_Exercise details_
Return the data word for word. Pictures are to be omitted.

_Dataset excerpt_
■ ■ ■
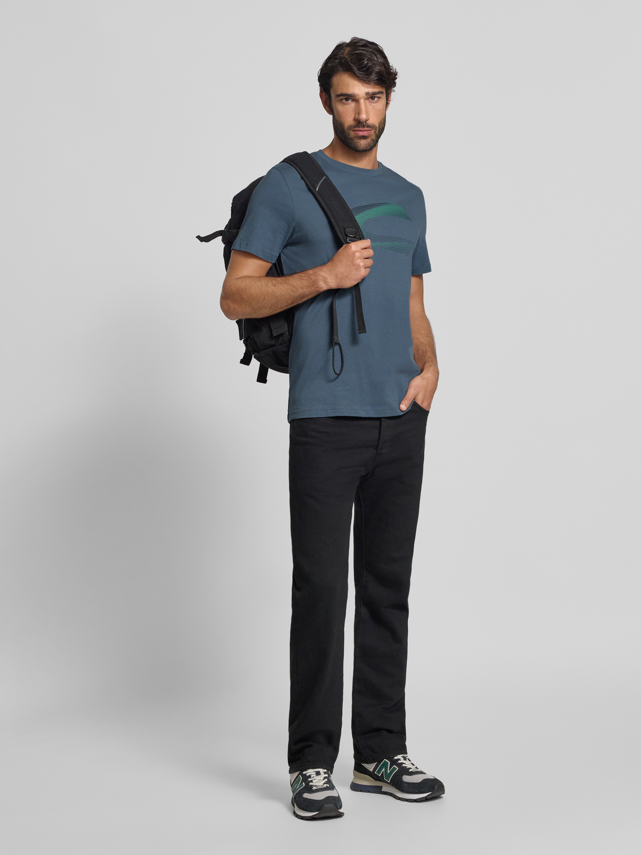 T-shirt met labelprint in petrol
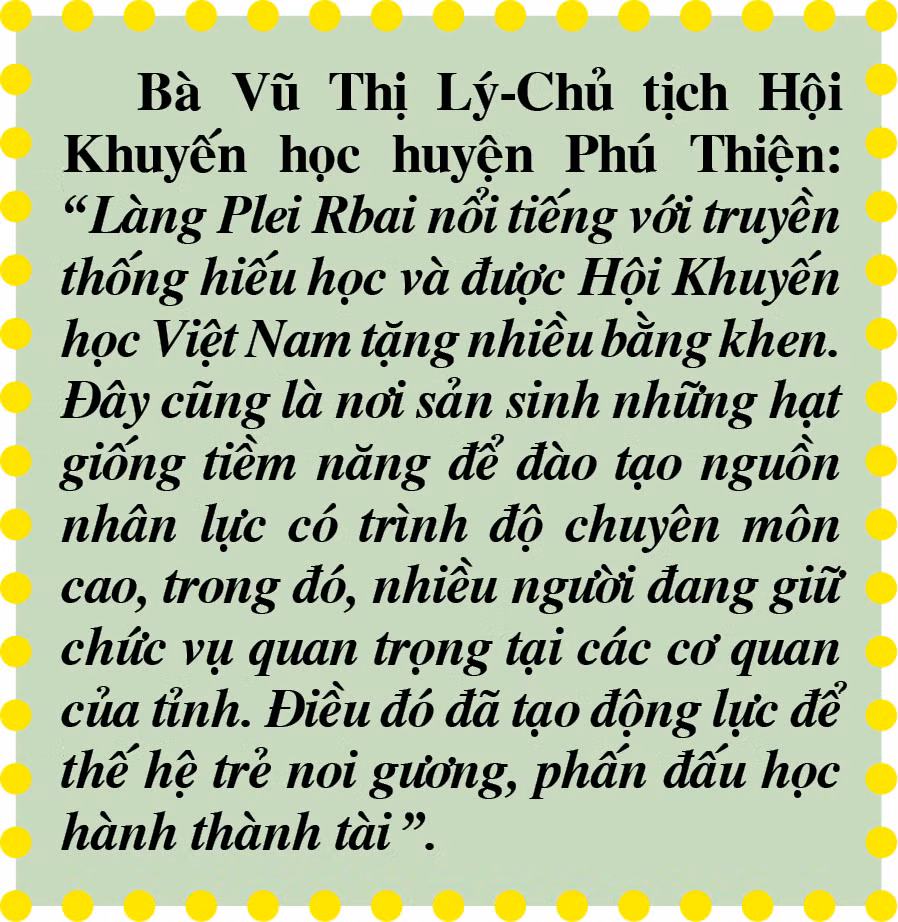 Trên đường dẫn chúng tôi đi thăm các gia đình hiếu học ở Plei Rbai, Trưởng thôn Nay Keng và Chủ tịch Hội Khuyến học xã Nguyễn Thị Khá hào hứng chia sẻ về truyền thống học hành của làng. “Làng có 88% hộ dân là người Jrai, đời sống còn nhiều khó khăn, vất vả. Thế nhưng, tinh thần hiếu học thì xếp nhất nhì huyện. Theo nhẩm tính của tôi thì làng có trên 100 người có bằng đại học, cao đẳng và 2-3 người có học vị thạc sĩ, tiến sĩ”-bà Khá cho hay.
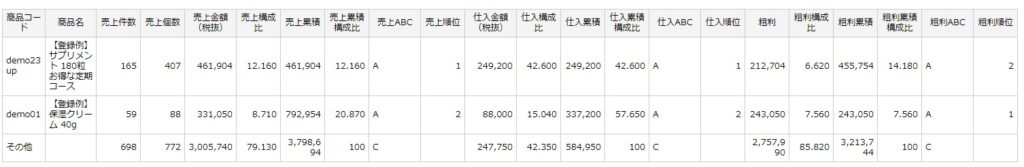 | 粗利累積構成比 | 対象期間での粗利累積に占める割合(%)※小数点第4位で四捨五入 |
■ ■ ■
_Solution to this exercise_
 T-shirt met labelprint in petrol
 Trên đường dẫn chúng tôi đi thăm các gia đình hiếu học ở Plei Rbai, Trưởng thôn Nay Keng và Chủ tịch Hội Khuyến học xã Nguyễn Thị Khá hào hứng chia sẻ về truyền thống học hành của làng. “Làng có 88% hộ dân là người Jrai, đời sống còn nhiều khó khăn, vất vả. Thế nhưng, tinh thần hiếu học thì xếp nhất nhì huyện. Theo nhẩm tính của tôi thì làng có trên 100 người có bằng đại học, cao đẳng và 2-3 người có học vị thạc sĩ, tiến sĩ”-bà Khá cho hay.
 | 粗利累積構成比 | 対象期間での粗利累積に占める割合(%)※小数点第4位で四捨五入 |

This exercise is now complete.